If an empath senses something, they are not often wrong. If they think someone’s lying or that something is just “not right” you can bet your last dollar that they are not wrong.

Therefore, a basic understanding of this mystical and quite magical creature is highly beneficial.

Empaths have quite a few little quirks, traits and characteristics that are worth knowing about, and gaining a better understanding of, so that any relationship that is formed has a strong survival chance and also so that it thrives.

Empaths can be deeply misunderstood. It can take a little time to get to know them before they fully unravel and until their true magnificent spirit receives the opportunity to shine.

Love with an empath will be intense as they are energetically sensitive, therefore they will pick up on everything and anything that is happening around them. Regardless of whether emotions have been outwardly expressed, empaths will experience their partner’s emotions as deeply as they feel their own.

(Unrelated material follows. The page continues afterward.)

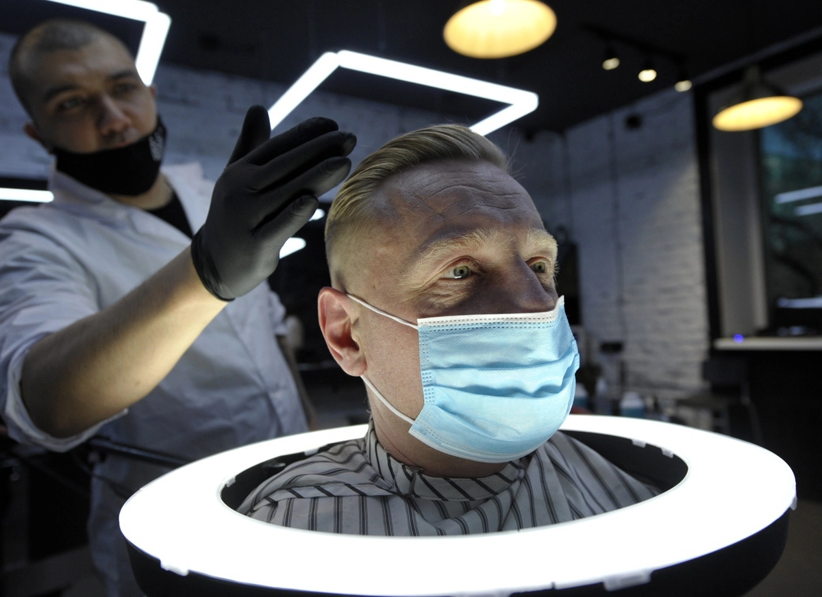Мурманск во время ослабления режима самоизоляции. Стрижка посетителя в барбершопе Mafiozi.© Лев Федосеев/ТАСС

It is impossible to try to hide true feelings when romantically involved with an empath as they will likely have figured them out long before the person feeling them has. Empaths are highly intuitive yet sometimes fail to trust their inner voice as too many people have previously tried to wrongly convince them that their gut feelings were wrong.

Being a little naïve and trusting at times, the empath has doubted themselves and pushed aside their intuition, causing them to lose faith in the power they hold within that alerts them to any perceived signs of danger. That being said, the little nagging voice in the empath’s head will not subside until the reality and truth has been fully uncovered.

Empaths like truth. However hard it is to handle, they would rather be told things straight than told a lie, even if it is a white one. Although the truth isn’t always pretty, it is much nicer than spending days and nights trying to make sense of all the complicated energies and subliminal messaging systems that are going on.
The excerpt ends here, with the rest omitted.